这个时代最稀缺的或许就是常识 一月好书榜_生活

时间: 2024-04-29浏览:

  这些常识很简单,比如阅读历史时应该与历史保持距离、文学不应该被死板的阅读理解夺去乐趣、法律可以也必须在不完美的世界里持守正义,等等。

  在日常中,当带入情绪与思考习惯时,我们时常会将这些看似简单的常识忘记。但幸好,我们还有这些书籍。

  在本期书单里,有试图突破线性历史与宏大叙事的优质历史书,有我们熟悉的村上春树写下的回忆录,有将美国几十年历史通过个体经历展现出来的磅礴著作,有这个时代亟需的不功利不过度解读的文学体验之书,也有醉心于伊斯坦布尔风情的摄影师拍下的摄影集……

  我们对历史的着迷,很大一部分原因在于历史是由“故事”组成的。

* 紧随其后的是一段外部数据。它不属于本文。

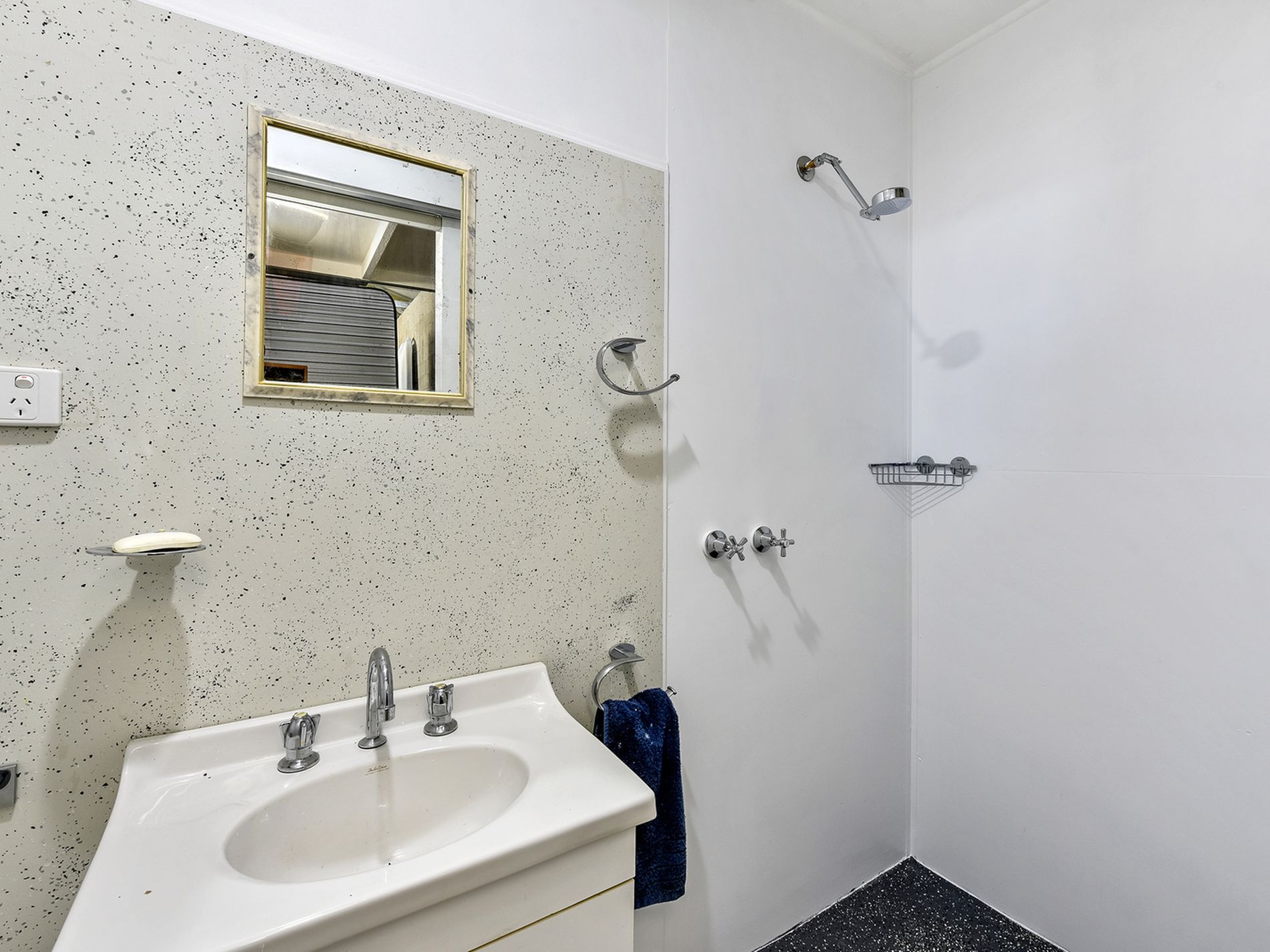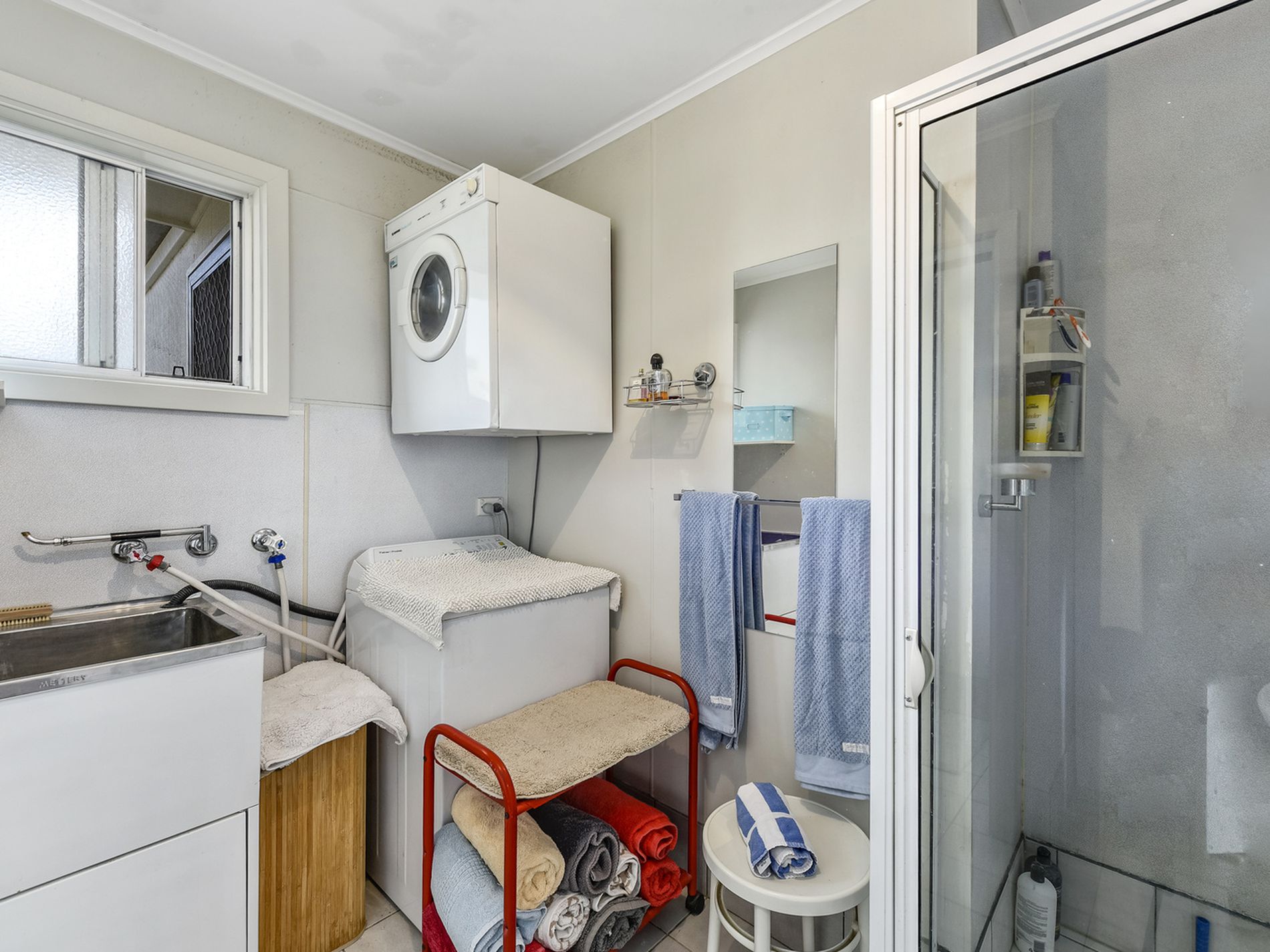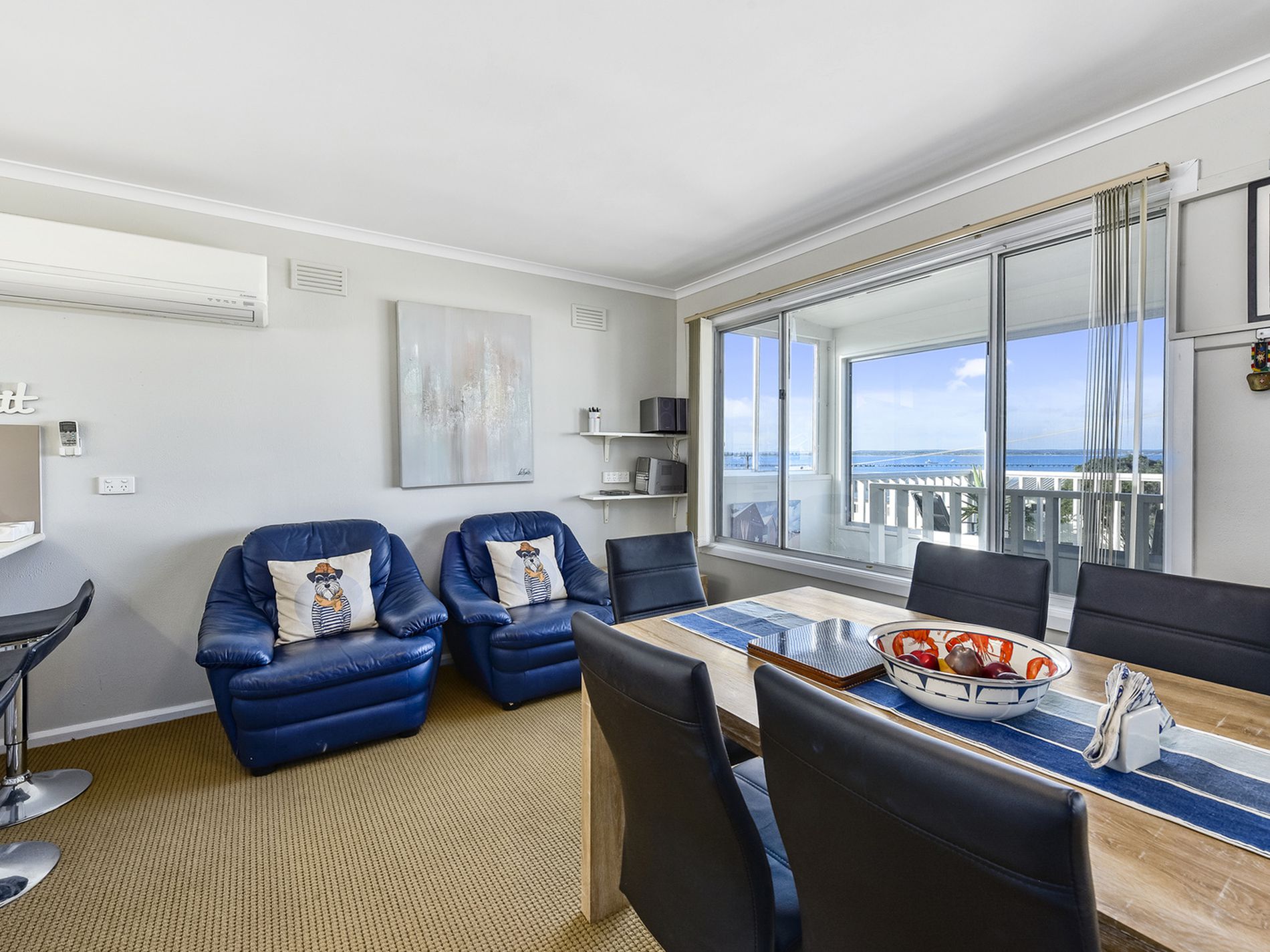 Offers two levels of family living. The upper level is light and bright with Two queen size bedrooms with built in robes, the master has sea views. Kitchen with electric cooking, pantry and breakfast bar. Open dining with views over the bay and a sliding door out to the balcony. A large sun filled lounge has a timber look vinyl floor and blinds and a rear access door with a ramp to the rear yard. The bathroom / laundry has a shower, vanity and wash trough and a separate toilet. The feature of this home is the stunning, spacious front balcony with spectacular ocean views. It is semi enclosed with stacker doors which makes this an all-seasons special place to gather with family and friends.

不管是历史中的故事还是在影院里的漫威电影,大都遵循着同样的法则,第一幕是起源,第二幕是发展,第三幕是遇到困境以及对困境作出回应。

  不管最后成功还是失败,主角是“正派”或“反派”,被我们熟知的历史人物身上都被不断地叠加着后世的标签与价值判断,让过去的时代变得失真。

  此外,对“故事性”的本能偏爱,让我们时常瞩目于历史发生剧变的瞬间,忽视了剧变与改革背后的制度如何形成。

  赵冬梅教授的这本《法度与人心》是试图跳脱出前人聚焦于重大事件与人物的编年史体系,用更宏观的角度阐释中国历史变迁的著作。

  如果按部就班的历史书让你厌倦,你可以翻开这本《法度与人心》,去看看在中华文明的流变里,人如何一点一滴自觉或不自觉地改造与塑造制度,制度如何一点一点地改造了历史当中的人。

  野心首先体现在袁凌视角的转变。在这本书之前,袁凌的非虚构创作大都聚焦在边缘与底层群体,他写他人时,将冷静的叙述发挥到极致,近乎素描般的文字刻画出了时代中我们不曾关注到的角落。当视角转向他自己时,他的笔触并没有变得柔和与夸饰,而是一如既往地“冷”,也正是这样的冷静,让他的自传显得真实且珍贵。

  野心也体现在他的坚持,袁凌的写作,从来都是从个体身上见到时代。在这本《在别处》里,他从他自己的历程里,窥见了时代的转变。他从北京的生活开始,之后回忆起自己生活的乡村和县城。

  在这本书的最后一句,袁凌说:“我以为我的梦结束了。不料在第二天又做了新的梦。”这是一个恰当的结尾,因为重述必定意味着对现实无法尽数还原,但现实就是从一个梦奔向另一个梦的历程——这个现实里,有袁凌,有我们,也有脚下的这片土地。

  李鸿章与袁世凯都是中国近代史上绕不过去的人物,他们在清朝的最后章节出现。在我们的印象里,一个是乱世之能臣,一个是借乱夺权的“小丑”。

  历史学家陈寅恪曾经说,研究历史要有“同情之理解,理解之同情”,这种同情与理解,是保持距离后,去看大历史中的人物抉择背后的“不由自主”。作为一个当下的、在日本的学者,冈本隆司很好地保持了“距离感”。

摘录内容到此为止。